Hole 1: Stock-based compensation. SBC is a non-cash expense, so it gets added back to net income inside CFO. That inflates CFO. For a mature industrial, SBC is a rounding error. For a large-cap software company, SBC can run significantly as a percentage of revenue. If you're using reported FCF on a name like that, you're overstating economic cash flow by a lot. The fix: subtract SBC from FCF, or at minimum track FCF-per-share including the dilution SBC creates.

Hole 2: Working capital swings. A great quarter for collections or a one-time inventory drawdown can flatter CFO. The reverse is also true — a fast-growing company often shows weak FCF because it's funding receivables and inventory. Look at FCF over a trailing four-quarter or three-year window to smooth this.

Hole 3: Maintenance vs growth CapEx. Companies report total CapEx, not the split. A retailer building new stores and a retailer just keeping the lights on look identical on the cash flow statement. If you want "owner earnings" — Buffett's term for cash a business could distribute without shrinking — you want maintenance CapEx only. Most companies don't disclose the split. Reasonable proxies: depreciation expense, or the historical CapEx-to-sales ratio during a no-growth period.

How to Find the FCF Number That Matters

Here's a workable process for any S&P 500 name:

  1. Pull the cash flow statement from the latest 10-K (annual) or 10-Q (quarterly). Use annual data first — quarterly FCF is noisy.
  2. Start with Cash from Operations. This is line one of your calculation.
  3. Subtract total CapEx. That's reported FCF.
  4. Subtract stock-based compensation. Found inside the CFO reconciliation as an add-back. This gives you what some analysts call "FCF ex-SBC" or shareholder FCF.
  5. Check the lease line. Since ASC 842 (2019), operating lease payments sit inside CFO, but finance lease principal payments sit in financing activities. For asset-heavy retailers, restaurants, or airlines, add back finance lease principal to get a comparable number across periods.
  6. Divide by diluted share count (fully diluted, including unvested RSUs) to get FCF per share.
  7. Compare FCF yield to the 10-year Treasury. FCF yield = FCF per share / stock price. A 4% FCF yield against a 4.3% Treasury means you're being paid nothing for equity risk unless growth is real.
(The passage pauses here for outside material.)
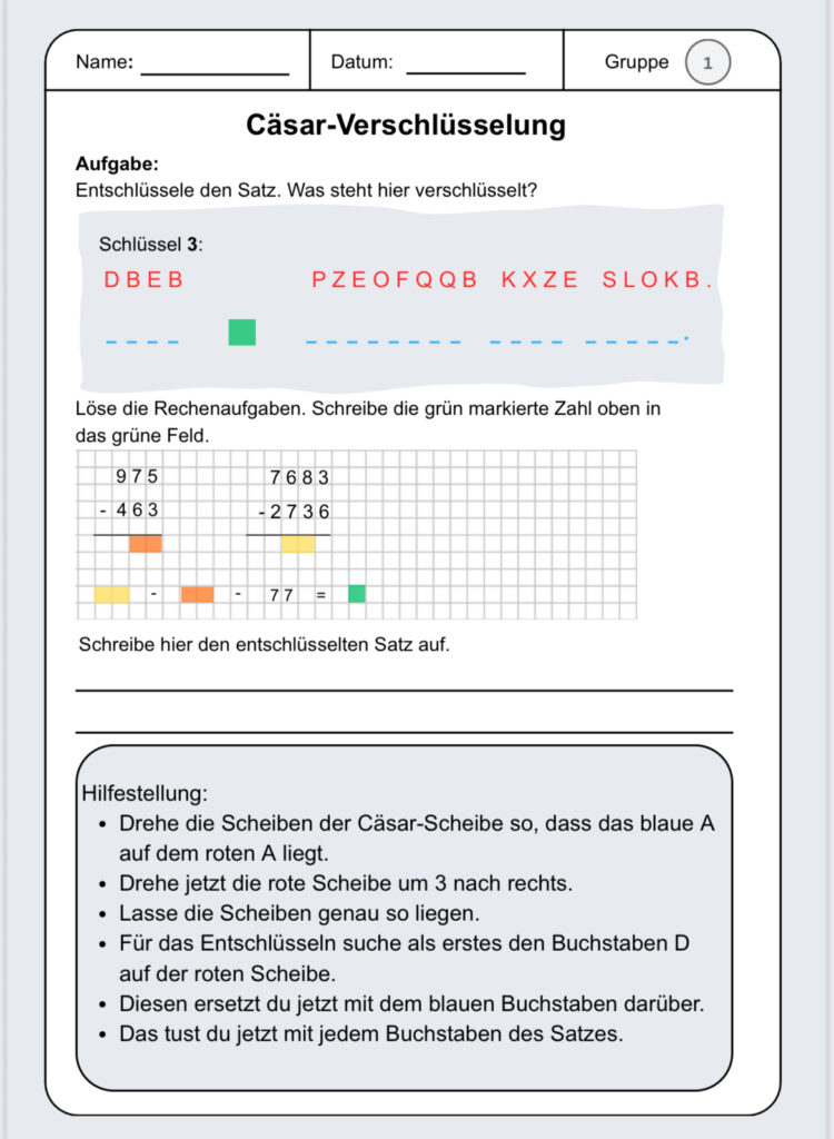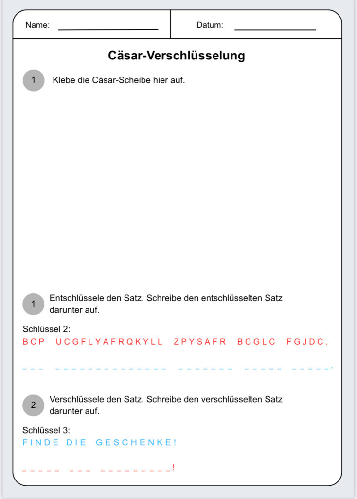 - Cäsar – Scheibe auf das Arbeitsblatt kleben -> vermeidet ungewolltes verschieben & Verwirrung

Do this for three years of history. The shape matters as much as the level — is FCF growing, flat, or being propped up by working capital benefits that won't repeat?

When EPS and FCF Diverge — and What It Tells You

Persistent gaps between EPS and FCF are signals, not noise.

  • EPS > FCF for years: aggressive revenue recognition, ballooning receivables, or capitalizing costs that should be expensed. Worth a closer look at accounts receivable days and the accrual ratio.
  • FCF > EPS for years: often a sign of a high-quality business. Depreciation exceeds maintenance CapEx, working capital is a source (think subscription businesses collecting cash upfront), or the company is over-earning on a tax basis. Many compounders live here.
  • Volatile gap: cyclical business, or a company with lumpy CapEx cycles. Use a multi-year average.

The direction of the gap tells you whether accounting is masking strength or weakness.

What to Watch Next

  • Pull one name you own and calculate FCF ex-SBC for the last three fiscal years. Compare to reported EPS growth over the same period.
  • Check the SBC line as a percentage of revenue. Anything above a meaningful threshold deserves a dilution-adjusted view.
  • For asset-heavy names, separate maintenance from growth CapEx using depreciation as a rough floor.
  • Build an FCF yield column in your watchlist and compare it to the 10-year Treasury before you call anything "cheap."